Retaliation shelling by Israel, ordered by Defense Minister Ehud Barak in response to the bus strike, killed an elderly man and wounded at least three others, including a 4-year-old girl, according to reports. An Israeli attack helicopter also machine-gunned a target in Gaza City for the first time since the January 2009 war.
Barak said he held Hamas responsible for any attack originating from the Gaza Strip. Hamas is listed as a terrorist organization by the United States and has reportedly carried out dozens of terrorist attacks targeting Israelis.
Hamas said Friday it had declared a cease-fire and would cease firing missiles at Israel if Israel stopped its attacks, according to IBT.
A Hamas spokesman in Gaza, Fauzi Barhum, told Al Jazeera: "The resistance movement's response to the enemy's massacre comes as self-defense, and to protect the citizens. It aims to pressure the occupier to stop committing crimes."

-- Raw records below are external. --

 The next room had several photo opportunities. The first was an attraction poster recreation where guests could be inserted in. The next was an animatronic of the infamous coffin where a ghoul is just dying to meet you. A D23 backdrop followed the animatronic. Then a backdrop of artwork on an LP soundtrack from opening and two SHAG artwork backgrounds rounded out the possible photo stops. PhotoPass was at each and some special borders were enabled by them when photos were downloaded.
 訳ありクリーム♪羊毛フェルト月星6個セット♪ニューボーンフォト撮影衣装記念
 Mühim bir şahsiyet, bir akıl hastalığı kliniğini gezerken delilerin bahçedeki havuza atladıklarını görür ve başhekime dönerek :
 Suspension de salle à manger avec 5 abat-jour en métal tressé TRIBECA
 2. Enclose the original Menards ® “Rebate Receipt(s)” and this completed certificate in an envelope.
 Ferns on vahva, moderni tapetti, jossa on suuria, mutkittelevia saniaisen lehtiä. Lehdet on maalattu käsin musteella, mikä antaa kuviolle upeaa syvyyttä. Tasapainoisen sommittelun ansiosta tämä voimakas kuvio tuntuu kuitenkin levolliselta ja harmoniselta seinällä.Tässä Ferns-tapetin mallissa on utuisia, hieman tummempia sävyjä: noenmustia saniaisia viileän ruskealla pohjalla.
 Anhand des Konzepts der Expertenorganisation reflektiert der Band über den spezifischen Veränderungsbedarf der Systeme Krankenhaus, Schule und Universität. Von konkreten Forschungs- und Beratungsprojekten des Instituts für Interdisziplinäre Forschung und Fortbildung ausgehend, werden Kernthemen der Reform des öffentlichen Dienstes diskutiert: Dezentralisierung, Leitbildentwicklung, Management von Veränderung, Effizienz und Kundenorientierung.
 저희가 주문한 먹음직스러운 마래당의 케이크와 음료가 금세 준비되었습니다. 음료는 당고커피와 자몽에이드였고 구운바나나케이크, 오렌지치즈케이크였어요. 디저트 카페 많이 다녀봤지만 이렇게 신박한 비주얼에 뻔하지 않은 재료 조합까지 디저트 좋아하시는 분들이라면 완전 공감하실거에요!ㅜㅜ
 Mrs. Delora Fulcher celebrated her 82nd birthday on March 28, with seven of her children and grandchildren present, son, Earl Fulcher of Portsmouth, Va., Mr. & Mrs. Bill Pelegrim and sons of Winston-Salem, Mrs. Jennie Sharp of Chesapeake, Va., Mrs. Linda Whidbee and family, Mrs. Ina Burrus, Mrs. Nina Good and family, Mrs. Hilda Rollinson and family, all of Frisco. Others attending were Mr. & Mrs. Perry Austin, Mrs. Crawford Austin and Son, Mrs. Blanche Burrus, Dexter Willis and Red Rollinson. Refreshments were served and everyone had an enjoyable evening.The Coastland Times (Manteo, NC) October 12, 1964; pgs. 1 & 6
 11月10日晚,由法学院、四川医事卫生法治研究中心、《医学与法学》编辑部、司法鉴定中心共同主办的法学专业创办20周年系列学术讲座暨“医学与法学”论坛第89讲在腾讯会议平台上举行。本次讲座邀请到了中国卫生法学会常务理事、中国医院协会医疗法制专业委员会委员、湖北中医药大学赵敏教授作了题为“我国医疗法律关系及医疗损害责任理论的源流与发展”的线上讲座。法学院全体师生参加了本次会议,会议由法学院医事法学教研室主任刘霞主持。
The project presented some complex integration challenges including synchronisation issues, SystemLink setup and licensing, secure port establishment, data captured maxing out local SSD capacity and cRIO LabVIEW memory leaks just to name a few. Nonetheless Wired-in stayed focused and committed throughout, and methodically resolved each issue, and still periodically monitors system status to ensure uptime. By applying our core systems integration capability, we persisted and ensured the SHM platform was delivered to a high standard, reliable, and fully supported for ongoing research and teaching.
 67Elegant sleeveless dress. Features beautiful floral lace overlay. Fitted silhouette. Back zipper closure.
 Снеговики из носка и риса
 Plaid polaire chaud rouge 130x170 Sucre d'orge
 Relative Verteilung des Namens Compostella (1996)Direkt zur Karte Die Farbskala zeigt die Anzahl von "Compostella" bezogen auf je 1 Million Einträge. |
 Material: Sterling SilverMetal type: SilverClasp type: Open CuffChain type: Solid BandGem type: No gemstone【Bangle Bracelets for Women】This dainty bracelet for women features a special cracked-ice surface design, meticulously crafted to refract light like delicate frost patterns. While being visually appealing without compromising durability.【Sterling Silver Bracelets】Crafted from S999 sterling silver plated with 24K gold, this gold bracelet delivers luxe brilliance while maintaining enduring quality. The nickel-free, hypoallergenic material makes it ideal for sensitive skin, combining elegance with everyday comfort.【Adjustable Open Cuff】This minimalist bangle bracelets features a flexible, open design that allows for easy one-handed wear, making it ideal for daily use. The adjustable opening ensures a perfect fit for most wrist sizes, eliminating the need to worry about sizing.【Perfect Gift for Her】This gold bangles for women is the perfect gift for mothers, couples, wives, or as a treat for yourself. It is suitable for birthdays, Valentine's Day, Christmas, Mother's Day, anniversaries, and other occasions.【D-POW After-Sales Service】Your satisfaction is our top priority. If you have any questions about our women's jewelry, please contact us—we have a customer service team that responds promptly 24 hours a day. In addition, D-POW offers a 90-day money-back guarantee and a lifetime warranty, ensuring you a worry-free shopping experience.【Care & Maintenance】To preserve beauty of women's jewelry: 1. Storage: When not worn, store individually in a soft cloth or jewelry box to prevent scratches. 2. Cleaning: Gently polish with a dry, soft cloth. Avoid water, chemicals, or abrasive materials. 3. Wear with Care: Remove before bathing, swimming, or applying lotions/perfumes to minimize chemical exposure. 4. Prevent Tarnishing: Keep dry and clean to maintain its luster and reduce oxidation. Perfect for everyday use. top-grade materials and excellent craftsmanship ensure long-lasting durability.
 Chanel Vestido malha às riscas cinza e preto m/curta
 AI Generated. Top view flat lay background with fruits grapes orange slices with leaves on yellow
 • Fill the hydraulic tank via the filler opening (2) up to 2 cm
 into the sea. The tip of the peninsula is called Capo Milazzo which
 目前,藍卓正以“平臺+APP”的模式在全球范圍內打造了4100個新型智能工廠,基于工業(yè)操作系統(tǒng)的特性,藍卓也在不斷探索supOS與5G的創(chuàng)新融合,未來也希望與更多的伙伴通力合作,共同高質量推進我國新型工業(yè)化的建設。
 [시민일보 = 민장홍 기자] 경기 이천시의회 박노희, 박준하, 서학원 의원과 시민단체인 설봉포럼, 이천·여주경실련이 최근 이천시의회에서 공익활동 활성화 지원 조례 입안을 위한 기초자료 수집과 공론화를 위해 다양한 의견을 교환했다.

At least 10 Palestinians have been killed since the attack on the Israeli bus.
The Israel Defense Forces (IDF) confirmed the Friday strikes, saying Israel "will not allow any attempt to harm Israeli civilians" and "holds the Hamas terrorist organization solely responsible for any terrorist activity emanating from the Gaza Strip," CNN reported
United Nations Secretary General Ban Ki-moon, meantime, urged Hamas to stop firing rockets immediately and called for Israel to exercise "maximum restraint."
But an Israeli cabinet minister said the strikes would continue. "We are acting as we see fit so that this type of fire will not continue, and so that the people behind the fire will regret it,'' said Matan Vilnai, in charge of the home front, according to Al Jazeera.
CNN reported that 15 mortars and rockets were launched from Gaza into Israel Friday morning.
A senior Hamas official told Al Jazeera: "The Israelis are trying to impose a new formula in Gaza. They are trying to prevent us from taking any benefits in the region. "They are trying to escalate the situation … The coming few days will carry a lot of developments if things continue like this."